*** MATERIAL PROVIDED Section Begins ***

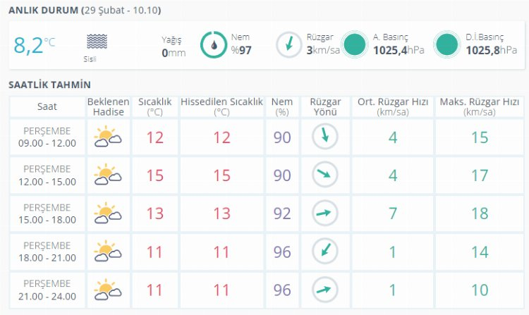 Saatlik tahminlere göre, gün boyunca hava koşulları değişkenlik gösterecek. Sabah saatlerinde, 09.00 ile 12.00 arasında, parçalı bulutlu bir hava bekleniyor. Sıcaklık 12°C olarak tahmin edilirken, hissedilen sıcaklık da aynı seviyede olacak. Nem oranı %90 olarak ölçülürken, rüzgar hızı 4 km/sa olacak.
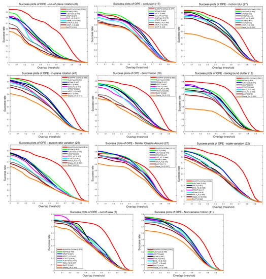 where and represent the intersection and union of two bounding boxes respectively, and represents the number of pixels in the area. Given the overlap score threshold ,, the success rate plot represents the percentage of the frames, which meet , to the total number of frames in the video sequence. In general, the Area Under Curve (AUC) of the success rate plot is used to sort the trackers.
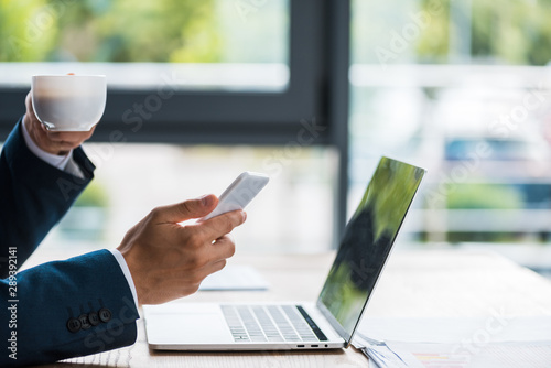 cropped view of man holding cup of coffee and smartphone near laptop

*** MATERIAL PROVIDED Section Ends ***

Reproduce the whole listing above character for character; pictures do not belong in it.

### [RESPONSE TO THE EXERCISE]
 Saatlik tahminlere göre, gün boyunca hava koşulları değişkenlik gösterecek. Sabah saatlerinde, 09.00 ile 12.00 arasında, parçalı bulutlu bir hava bekleniyor. Sıcaklık 12°C olarak tahmin edilirken, hissedilen sıcaklık da aynı seviyede olacak. Nem oranı %90 olarak ölçülürken, rüzgar hızı 4 km/sa olacak.
 where and represent the intersection and union of two bounding boxes respectively, and represents the number of pixels in the area. Given the overlap score threshold ,, the success rate plot represents the percentage of the frames, which meet , to the total number of frames in the video sequence. In general, the Area Under Curve (AUC) of the success rate plot is used to sort the trackers.
 cropped view of man holding cup of coffee and smartphone near laptop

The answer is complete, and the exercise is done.